Jakarta (ANTARA News) - Wakil Ketua Panitia Kerja (Panja) Gula DPR RI H Abdul Wahid menegaskan, gula merupakan salah satu komoditas pangan utama bernilai strategis yang harus dilindungi dan tata niaganya harus diawasi secara ketat.

"Tata niaga gula harus diawasi secara ketat, karena komoditas ini termasuk salah satu dari tujuh komoditas pangan utama yang memiliki peran strategis dalam membangun perekonomian rakyat dan menegakkan kedaulatan pangan," katanya kepada pers di Jakarta, Jumat.

Abdul Wahid mengemukakan keterangan tersebut sehubungan berlangsungnya rapat dengar pendapat (RDP) antara Panja Gula DPR dengan petani tebu se-Indonesia yang diwakili jajaran pengurus Asosiasi Petani Tebu Rakyat Indonesia (APTRI) dibawah pimpinan HM Arum Sabil pada 27 Januari 2016.

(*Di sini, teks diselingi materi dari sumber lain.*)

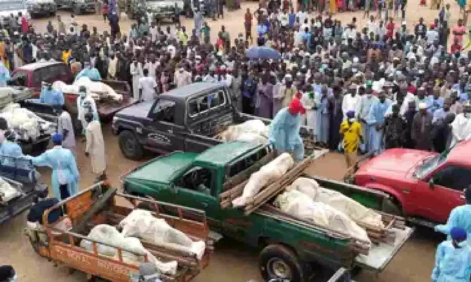 Trucks carry the wrapped bodies of people killed by suspected Boko Haram militants, during their funeral in Yobe, Nigeria (AP)
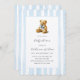 Invitación Elegant Blue Stripes Teddy Bear Baby Shower

Menurut anggota Komisi VI DPR RI itu, enam komoditas utama lainnya yang digolongkan sebagai komoditas pangan utama bernilai strategis adalah padi, jagung, kedelai, daging sapi, aneka cabai, dan bawang merah.

Ia lebih lanjut menjelaskan, dalam lampiran Permentan 131/OT.140/12/2014 disebutkan bahwa untuk mewujudkan ketahanan pangan nasional, Pemerintah menetapkan target produksi pangan strategis nasional yang meliputi tujuh komoditas pangan utama, yaitu padi, jagung, kedelai, tebu/gula pasir, daging sapi, aneka cabai,dan bawang merah.

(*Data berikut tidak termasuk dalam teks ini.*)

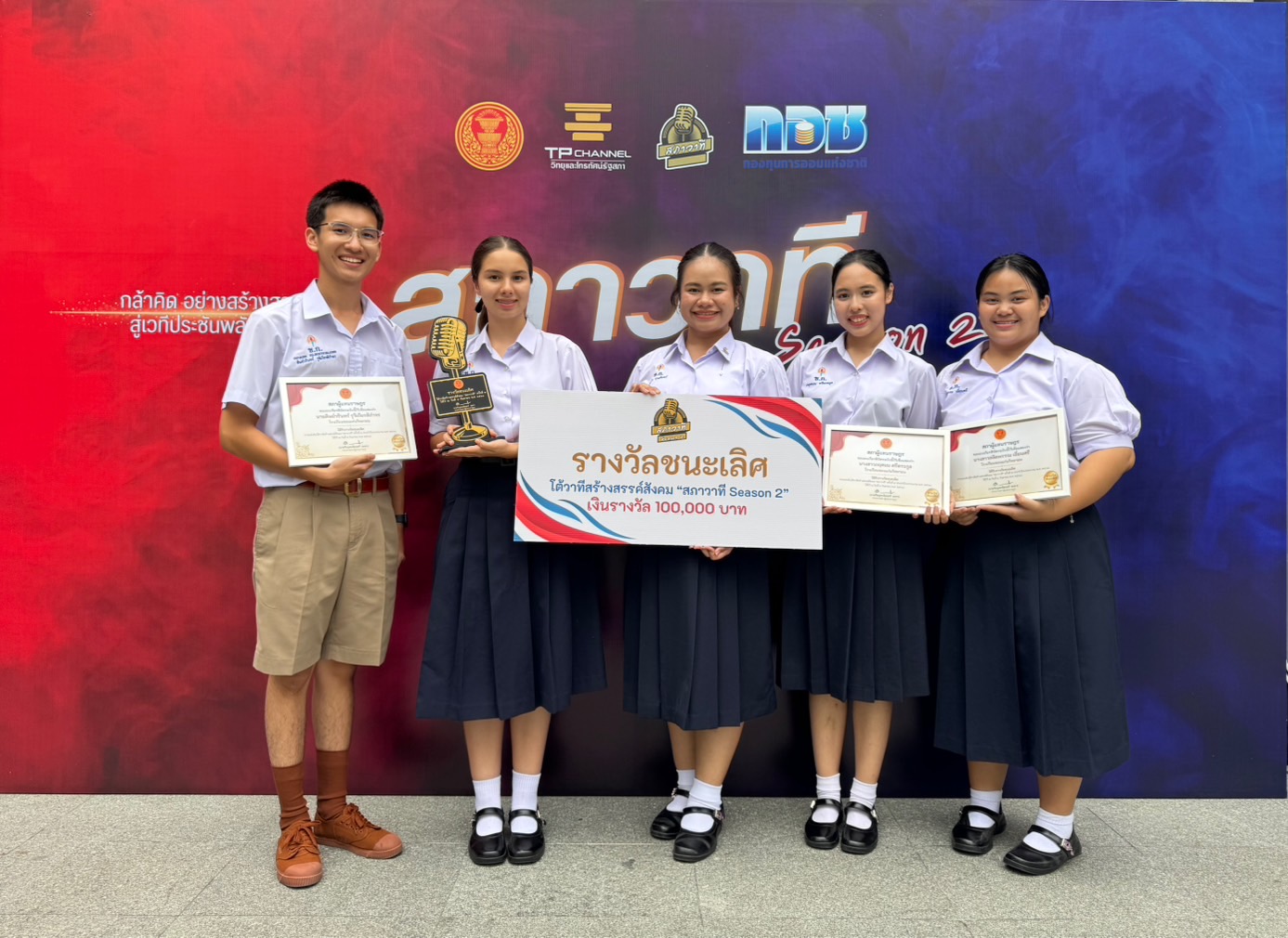 ”รางวัลชนะเลิศ“ การแข่งขันโต้วาทีประเทศไทย สภาวาที ปีที่ 2 “กล้าคิดอย่างสร้างสรรค์ สู่เวทีประชันพลังโต้วาที”

Dalam upaya mencapai target produksi pangan strategis itu Kementerian Pertanian bersama-sama dengan kementerian/lembaga non kementerian lainnya, pemerintah daerah, dan para pelaku usaha pertanian telah berkomitmen untuk mendukung pencapaian target ketahanan pangan nasional tersebut.

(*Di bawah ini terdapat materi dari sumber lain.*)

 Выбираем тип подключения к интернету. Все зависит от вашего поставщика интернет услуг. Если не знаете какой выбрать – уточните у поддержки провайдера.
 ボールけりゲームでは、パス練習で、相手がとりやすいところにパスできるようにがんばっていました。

"Karenanya, untuk mendukung komitmen tersebut pemerintah harus membebaskan penggunaan pupuk bersubsidi kepada petani tebu, mengingat pemerintah sendiri telah menetapkan bahwa komoditas gula merupakan salah satu komoditas pangan utama yang memiliki nilai dan peran strategis," tegas Wahid.

Ia menambahkan, saat ini gula rafinasi (gula kristal putih) yang mestinya dipakai untuk kebutuhan industri makanan dan minuman ternyata banyak dijual di pasaran, sehingga perlu pengawasan ketat. Jenis gula ini harganya lebih murah dibanding gula yang diproduksi dalam negeri berbahan baku tebu.

Sementara itu Ketua Panja Gula DPR RI Dr Muhammad Farid Al Fauzi menegaskan bahwa untuk menegakkan kedaulatan pangan dan mengejar target swasembada gula, maka petani tebu maupun industri gula harus meningkatkan produktivitasnya.

Sebelumnya, Ketua Umum APTRI HM Arum Sabil menyampaikan keluhan petani tebu terkait dengan adanya pembatasan penggunaan pupuk bersubsidi oleh petani tebu dengan luasan lahan di atas dua hektare.

Dalam RDP Panja Gula DPR RI dengan APTRI itu Arum menegaskan, pembatasan penggunaan pupuk bersubsidi tersebut merugikan petani dan memicu keengganan petani untuk bertanam tebu.

"Karenanya kami berharap pemerintah konsisten dengan regulasinya demi meningkatkan produktivitas gula nasional serta untuk membantu menyejahterakan petani tebu. Kami juga berharap DPR memberi dukungan politik kepada kami serta ikut mengawasi pelaksanaan regulasi tersebut," katanya.